It seems the problem lies somewhere in the rekeying procedure? Is there a way I can fix this?

ThanksLast edited by GD on Mon Oct 19, 2009 1:05 pm; edited 1 time in total

----------

## rufnut

I have a similar problem too, but mine seems to re-key after a while (say 5 minutes)?

(my signal levels aren't great but i thought they were adequate at 33/70)

My client is a linux machine. Wondering if you have tried a linux client ?

Details:

(1 x ath9k in hostapd to 1 x ath9k client. kernels are 2.6.30-r4 hostapd and wpa_supplicant are 0.6.9

and both are WPA2 at "N" speeds)

Another thing that really upsets the connection, is to scan on the remote client.

 :Question: 

----------

## GD

Unfortunately i have no linux boxes with a wireless adapter available at the moment... I tried connecting with my phone (a nokia e65). It failed, but it has always had problems with WiFi.

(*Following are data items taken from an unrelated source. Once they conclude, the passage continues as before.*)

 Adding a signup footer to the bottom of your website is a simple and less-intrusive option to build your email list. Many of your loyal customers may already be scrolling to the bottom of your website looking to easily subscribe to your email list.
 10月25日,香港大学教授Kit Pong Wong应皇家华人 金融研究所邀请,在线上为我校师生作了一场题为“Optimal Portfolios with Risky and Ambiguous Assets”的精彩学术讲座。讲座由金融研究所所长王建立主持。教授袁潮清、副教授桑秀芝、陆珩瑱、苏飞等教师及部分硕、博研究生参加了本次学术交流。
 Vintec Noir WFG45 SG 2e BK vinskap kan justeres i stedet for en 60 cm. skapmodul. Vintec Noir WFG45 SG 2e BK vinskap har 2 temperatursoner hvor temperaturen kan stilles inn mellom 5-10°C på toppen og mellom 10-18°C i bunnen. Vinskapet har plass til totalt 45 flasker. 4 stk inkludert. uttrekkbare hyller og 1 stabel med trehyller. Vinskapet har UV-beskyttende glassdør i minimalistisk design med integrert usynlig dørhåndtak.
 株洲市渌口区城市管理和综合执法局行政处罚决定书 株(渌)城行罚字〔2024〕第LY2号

Let me know if you find out anything

Thanks

----------

## Jords

I'm having a similar problem - but not sure if it's actually the same.

I've got the same setup of eth0 and wlan0 bridged into br0 - but I've noticed from using tcpdump that when the client has lost connectivity the packets show up when i run tcpdump on the wlan0 interface, but not the br0 interface - so i think the bridge is stopping working but ath9k/hostapd are not actually the problem.

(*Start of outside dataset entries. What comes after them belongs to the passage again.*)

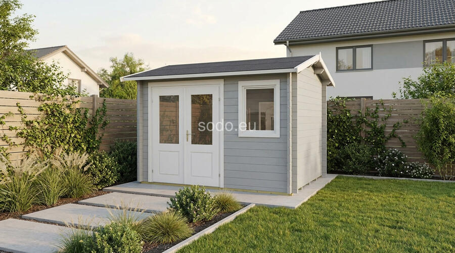 Caseta de jardín con paredes de 44 mm y tablas de suelo de 19 mm. Decorará su patio y le permitirá guardar de forma ordenada sus herramientas y utensilios de jardín. Camión completo: 18 unidades. Tamaño del paquete: (770 x 3600 x 1200)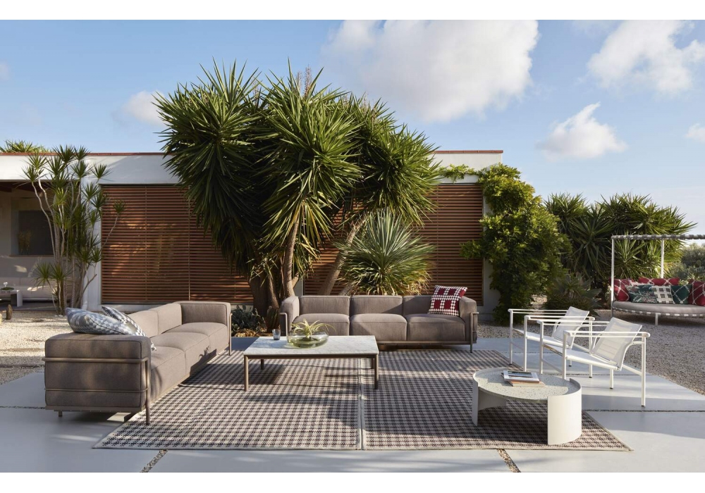 3 Fauteuil Grand Confort, Grand Modèle, Outdoor conçu par Le Corbusier, Pierre Jeanneret, Charlotte Perriand pour Cassina est un canapé réalisé avec une structure en acier inoxydable et une peinture spéciale en relief de différentes couleurs. Les coussins sont recouverts d'un tissu hydrofuge pour assurer une durabilité et une fiabilité maximales dans toutes les conditions météorologiques. Disponible en 2 dimensions.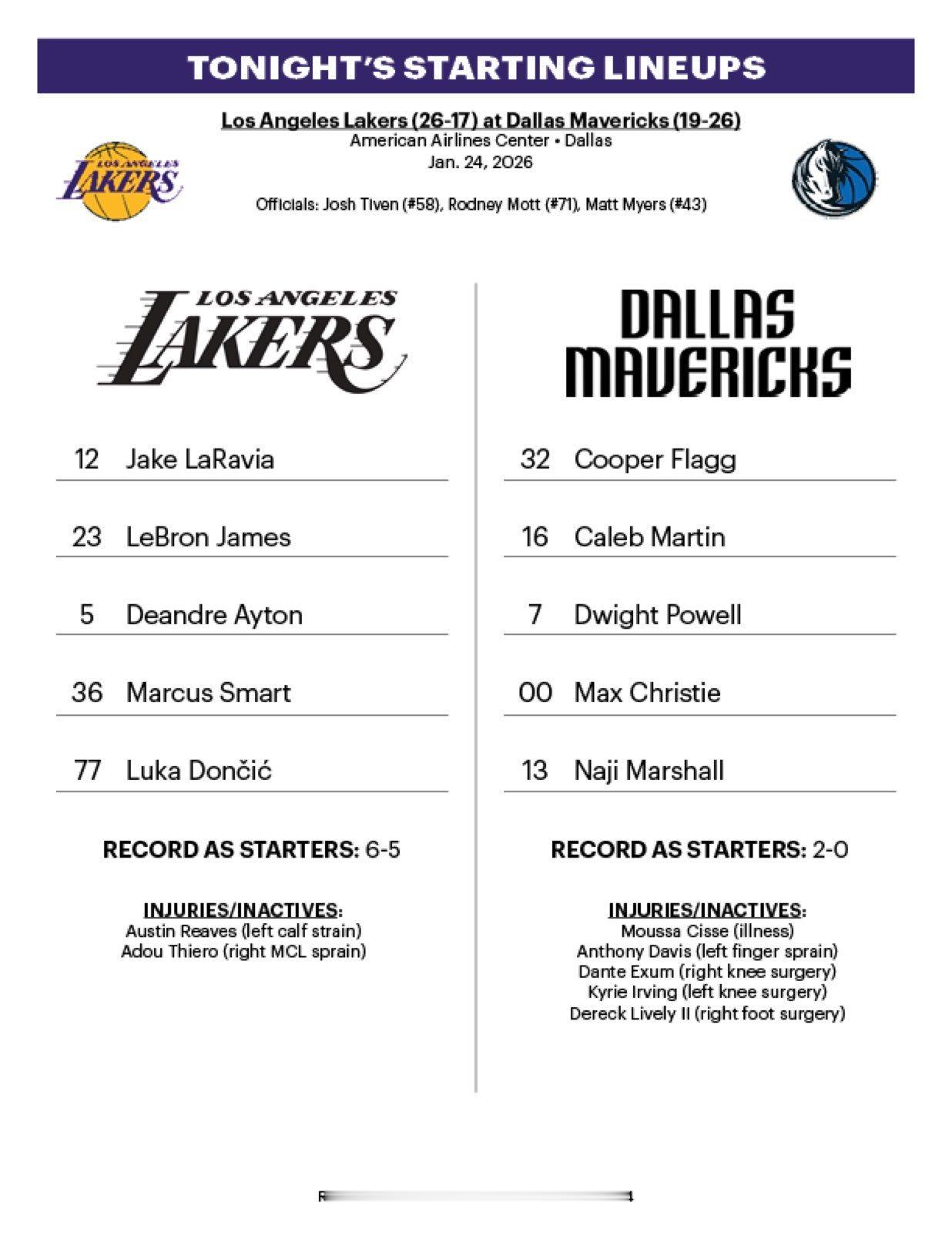 湖人首发:东契奇、斯玛特、拉拉维亚、詹姆斯、艾顿独行侠首发:马绍尔、克里斯蒂、马丁、弗拉格、鲍威尔

Not sure why a bridge would stop though...

----------

## risa2000

I bump this thread with some observations - though no solutions  :Sad: .

I am currently pulling my hair on the same: trying to run AR5416 card in AP mode using hostapd on b/g ranges with WPA2. I have been using vanilla kernels 2.6.30.x, 2.6.31 and 2.6.31.1. So far I have figured out:

1) system hangs when I try to modprobe ath9k 7 times out of 10 (i.e. very often). When it does not hang, and I start hostapd it fails with error "interface already in use", then when I start hostapd again it magically starts.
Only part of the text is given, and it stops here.